*INSTRUCTIONS TO FOLLOW:*
When you reach the line with "Crafted from rhodium-plated", transcribe it and each line after it through the last one below, exactly. Pictures stay out.

[GIVEN DATA]

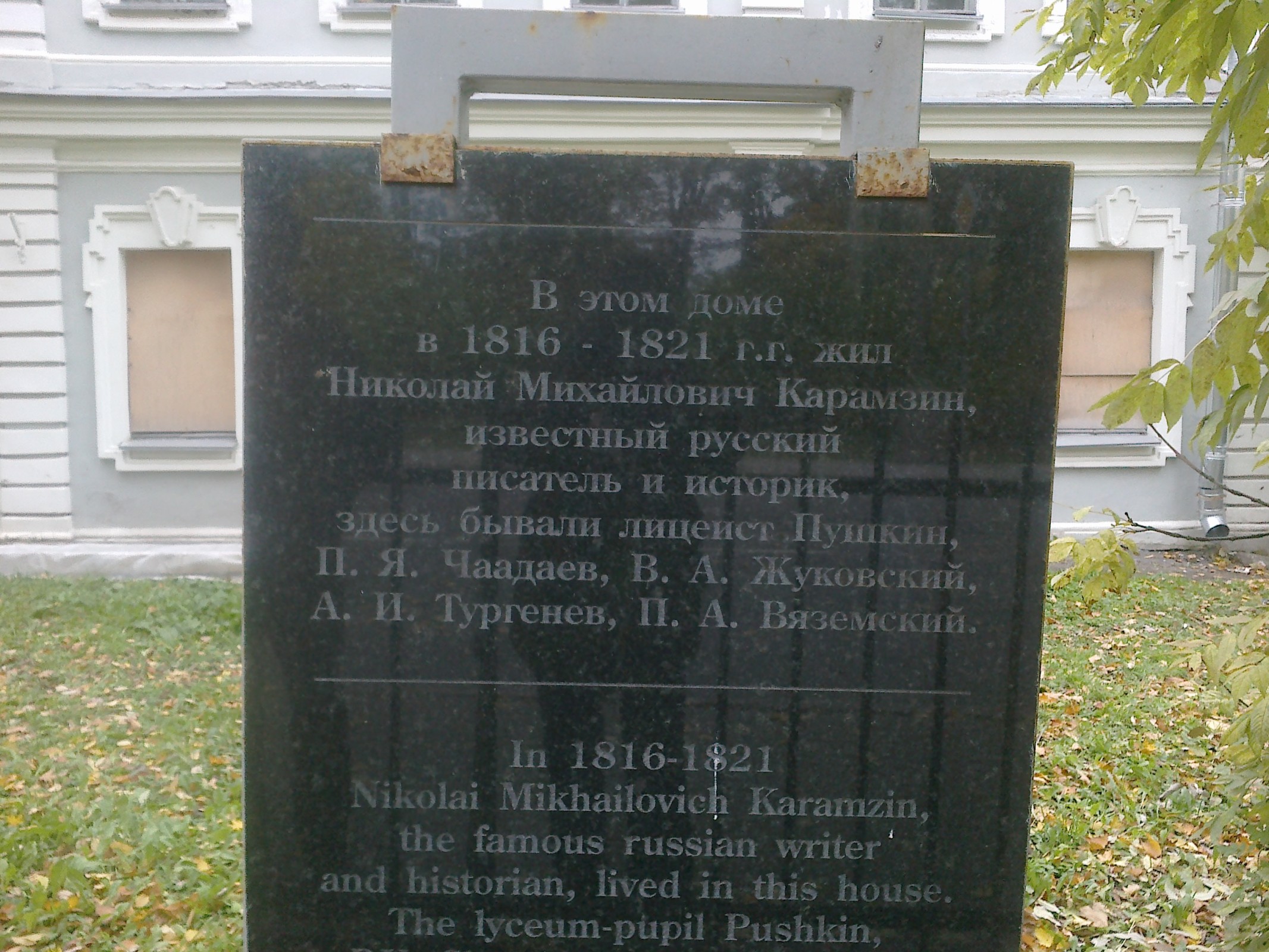 V Sadové ulici v Carském Sele se nachází dům, v němž nikdo nebydlí a je vidět, že není ani opravený. Na desce před domem je nápis v ruštině a angličtině: "V tomto domě v letech 1816-1821 žil Nikolaj Michajlovič Karamzin, známý ruský spisovatel a historik. Žili zde lyceista Puškin, P. J. Čadajev, V. A. Žukovskij, A. I. Turgeněv, P. A. Vjazemskij. (Spisovatelé 1.poloviny 19. století)
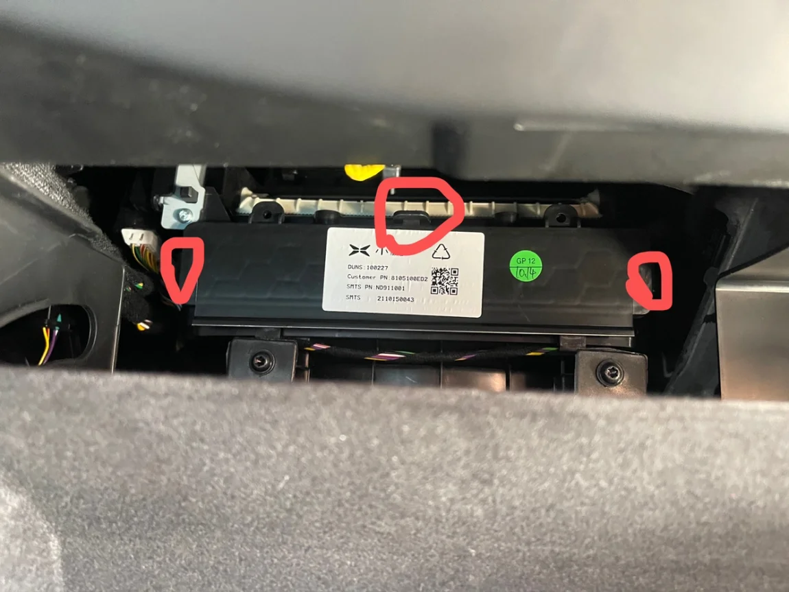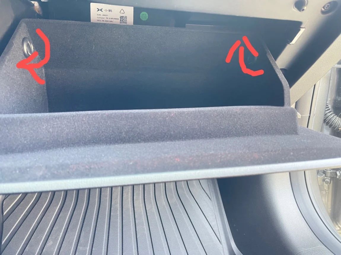 ⭐然后打开手套箱。手套箱两边各有一个黑色的塑料螺丝卡扣。
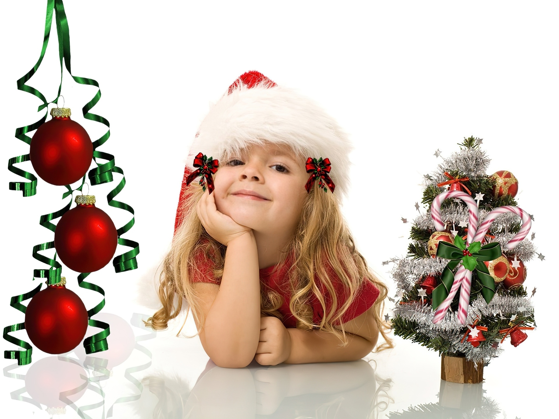 Edytor tapety: Mała, Dziewczynka, Bombki, Choinka, Święta
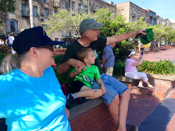 Kenneth Stanford, who said he was a Savannah River pilot for 42 years, watched the Development ease her way through the channel and under the bridge with the help of several pilot boats. He brought his 3-year-old grandson, Anderson, and sister Kay Stanford with him to watch.
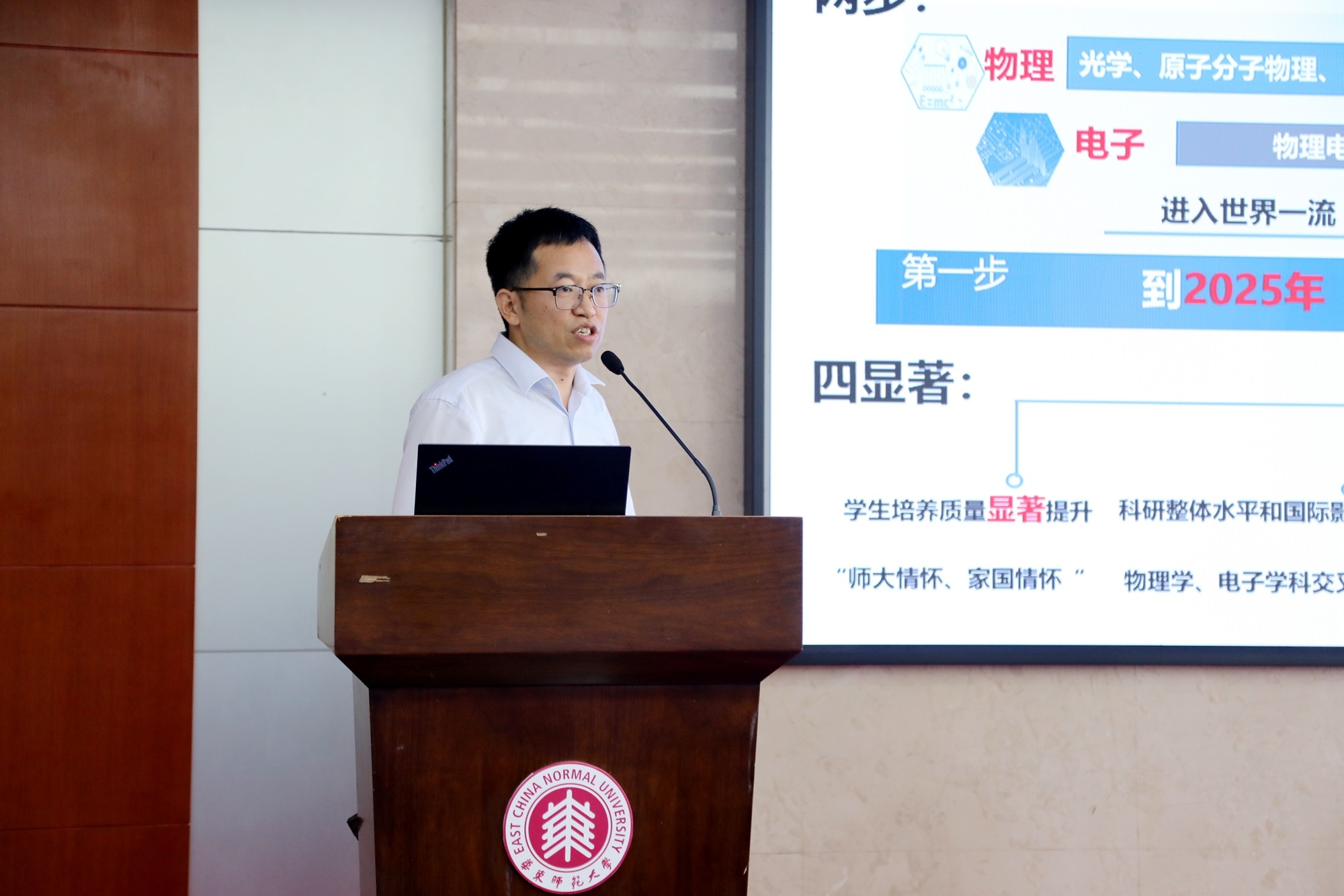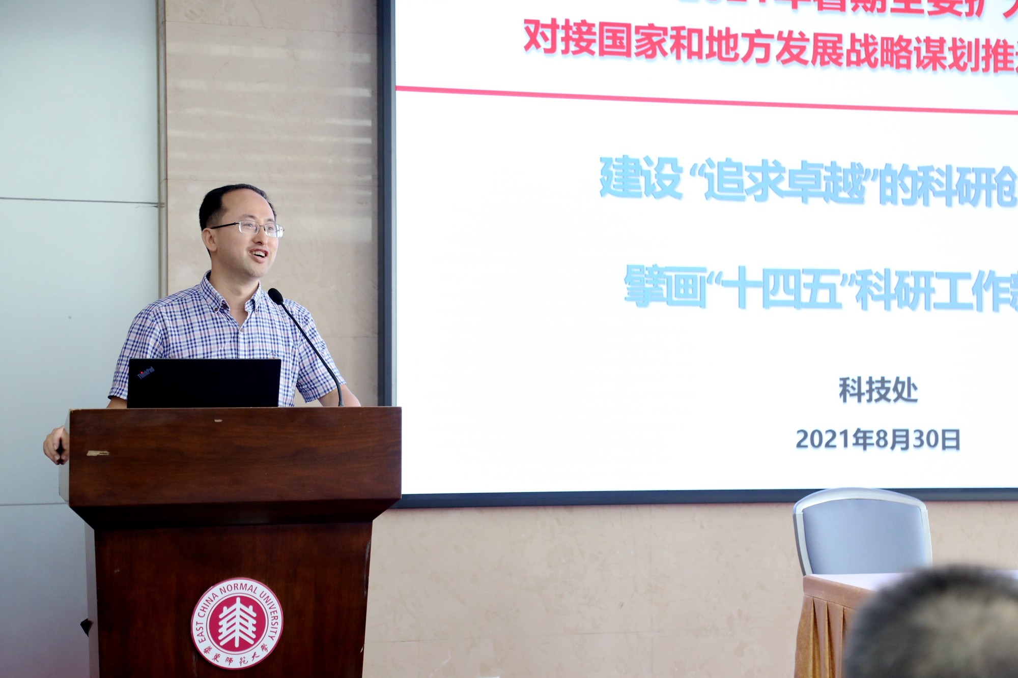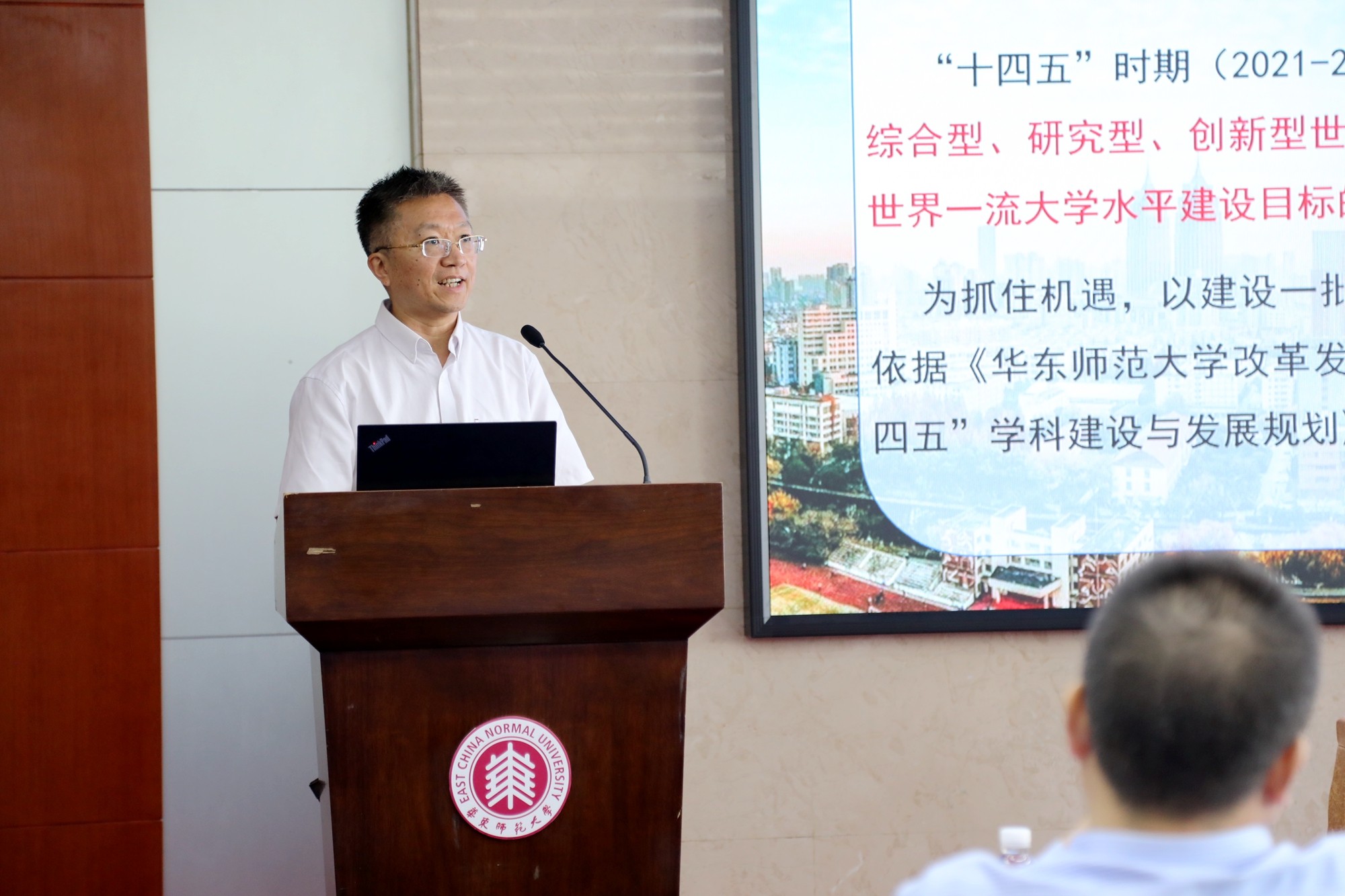 之后,先后在校党委副书记曹友谊和副校长顾红亮的主持下,学校发展规划部部长兼重点建设办公室主任段纯刚、人文与社会科学研究院院长朱军文、科技处处长杨海波、中文系系主任文贵良、物理与电子科学学院副院长武海斌围绕“对接国家和地方发展战略谋划推进‘十四五’”作了主题发言。
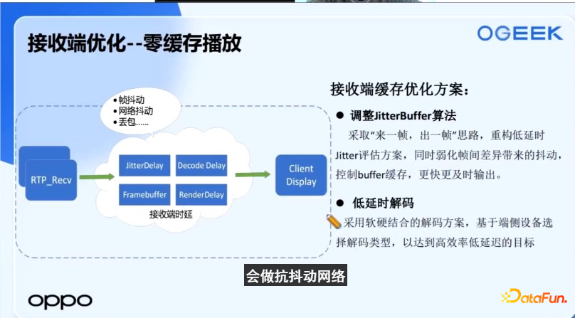 下面介绍接收端的优化。在音视频发送到客户端播放之前经历三个阶段:抗抖动、解码时延、渲染时延;最后到接收端时延。
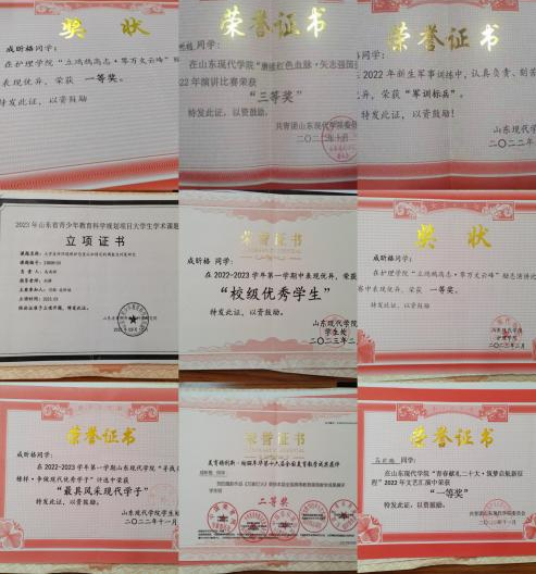 个人简介:潘城城,女,汉族,2022级本科助产学2班。在班里担任学习委员一职,同时在护理学院学生会任职,工作脚踏实地、严谨认真,多次参加学校组织的活动,积极参加各种比赛,曾获得“山东卫视菁彩齐鲁大赛”二等奖、“助产专业技能大赛”三等奖等荣誉。
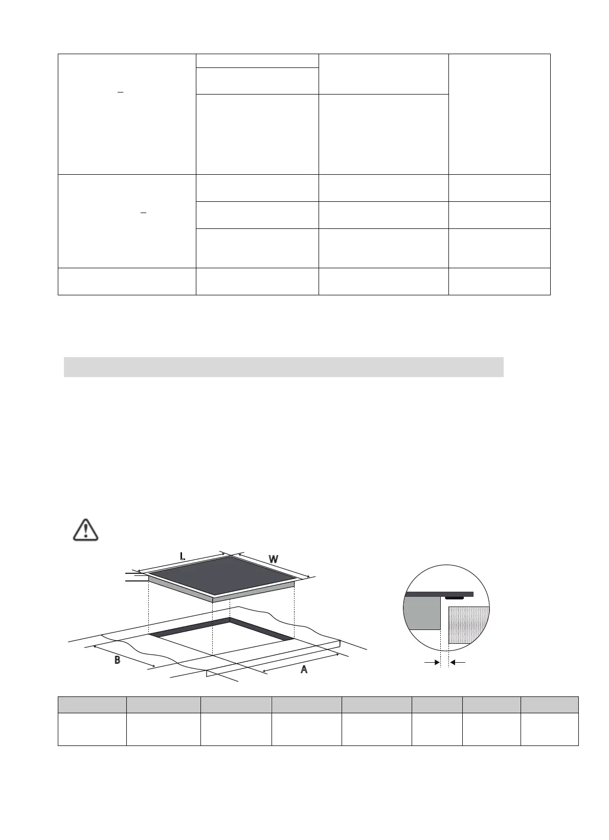 5 cm volného prostoru kolem otvoru varné desky. Ujistěte se, zda je tloušťka pracovní desky nejméně
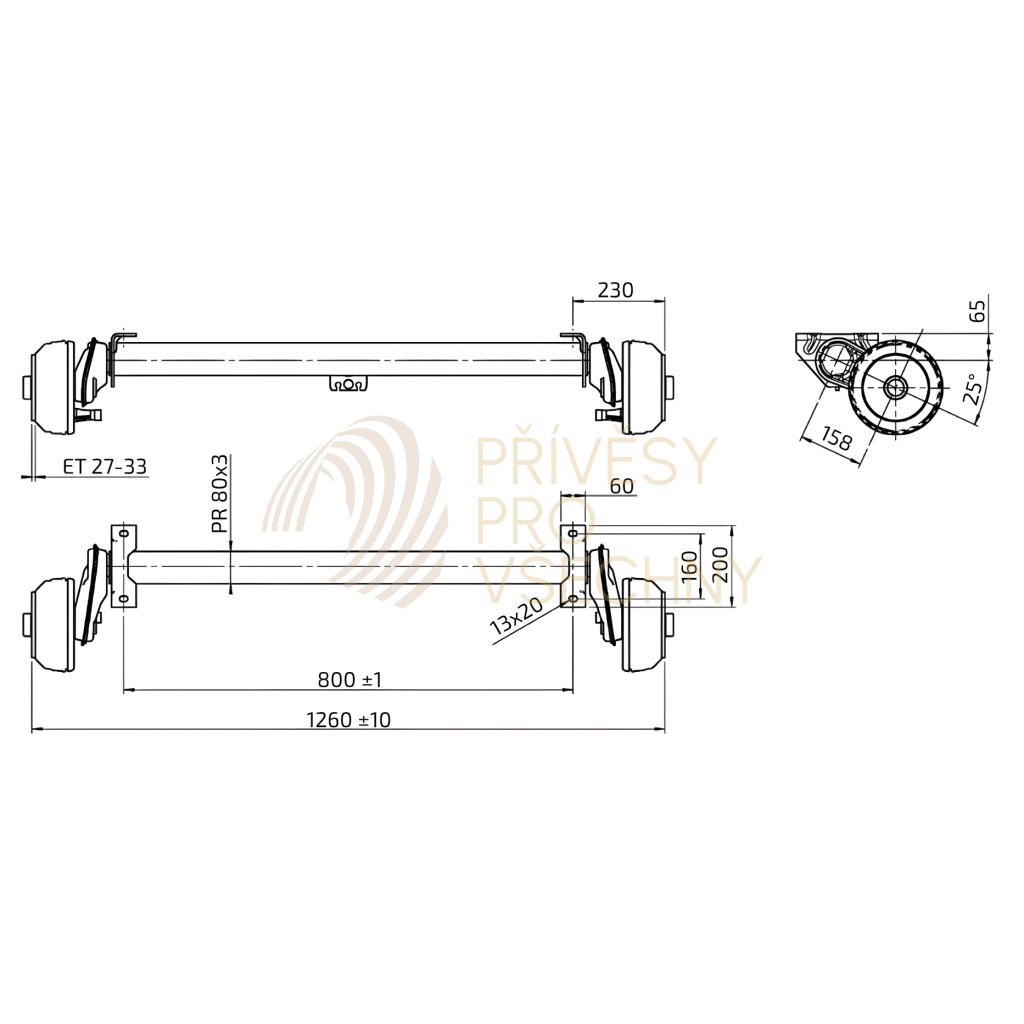 Náprava AL-KO Compact B 850-10 (1000 kg) a= 800 mm, c=1260 mm, 2051, 100x4
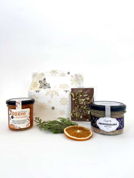 Sada obsahuje: Provensálská paštika, tabulková čokoláda od Lucie Glaister, meruňkový džem (150g)
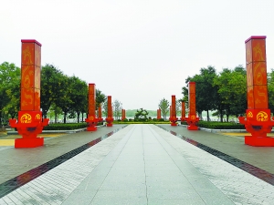 进入公园南大门广场,呈现眼前的是10对朱雀彩柱,象征南海子“喜迎五海宾朋,笑纳八方游客”。广场正前方,矗立着一座四柱三间七楼重檐歇山斗拱式牌楼。牌楼正中匾额上镌刻乾隆御笔“南海子”三个金色大字,牌楼周身为金龙和玺彩绘,更显庄严大气。
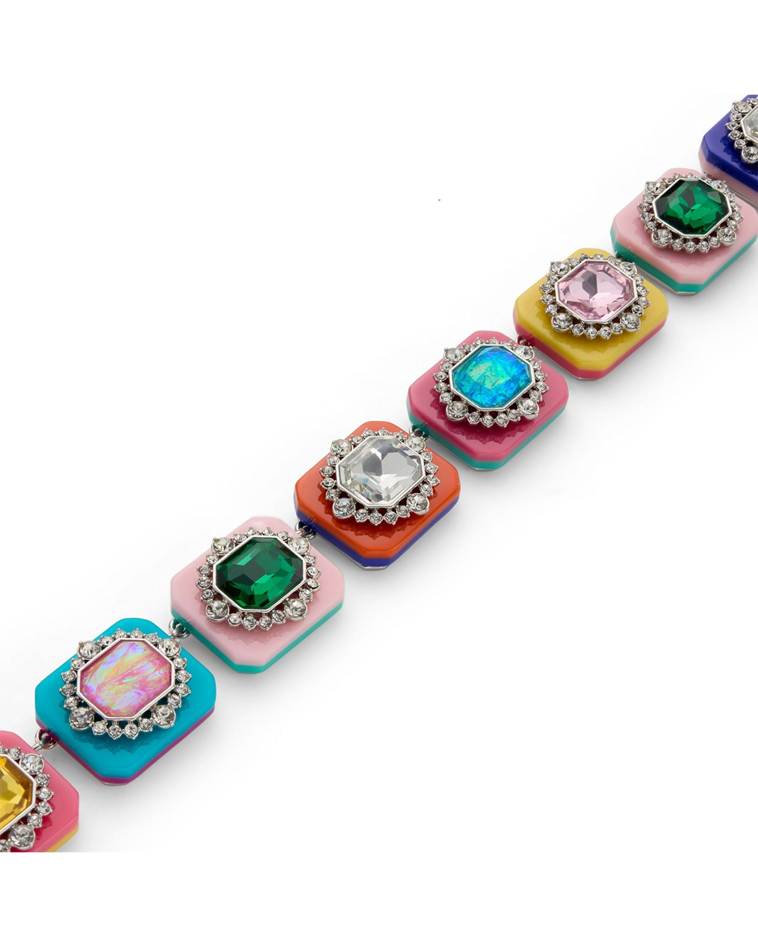 Crafted from rhodium-plated brass with resin and glass crystals. Features a lobster clasp closure, adjustable length of 16"-18", and a frontal length of 0.75".
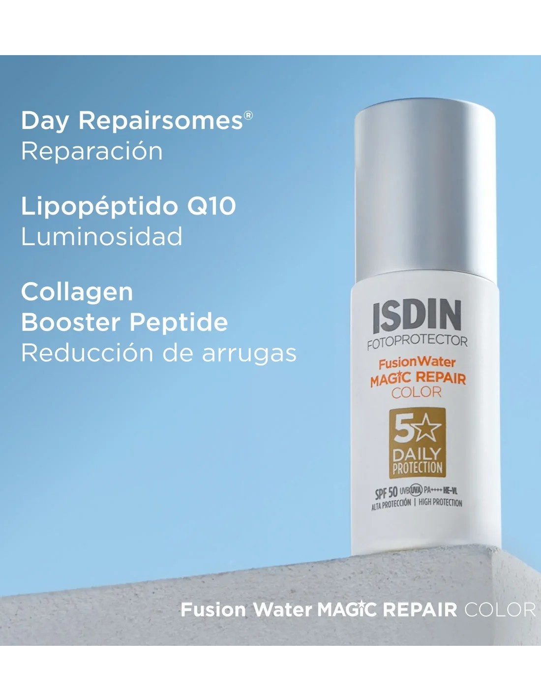 ISDIN Fusion Water Magic Repair Color SPF50 es un protector facial de textura acuosa y peso muy ligero que se absorbe rápidamente. Proporciona:
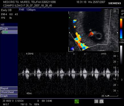 Fig nr. 13. Embrion cu activitate cardiaca, examen Doppler pulsat si Color Flow Map, ritm cardiac de 134 batai pe minut
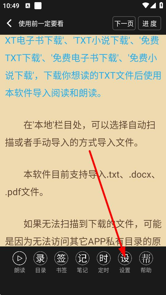 3、在文檔閱讀界面,點擊屏幕調出功能欄,接著點擊設置選項。

[/GIVEN DATA]

*PROBLEM SOLUTION:*
 Crafted from rhodium-plated brass with resin and glass crystals. Features a lobster clasp closure, adjustable length of 16"-18", and a frontal length of 0.75".
 ISDIN Fusion Water Magic Repair Color SPF50 es un protector facial de textura acuosa y peso muy ligero que se absorbe rápidamente. Proporciona:
 Fig nr. 13. Embrion cu activitate cardiaca, examen Doppler pulsat si Color Flow Map, ritm cardiac de 134 batai pe minut
 3、在文檔閱讀界面,點擊屏幕調出功能欄,接著點擊設置選項。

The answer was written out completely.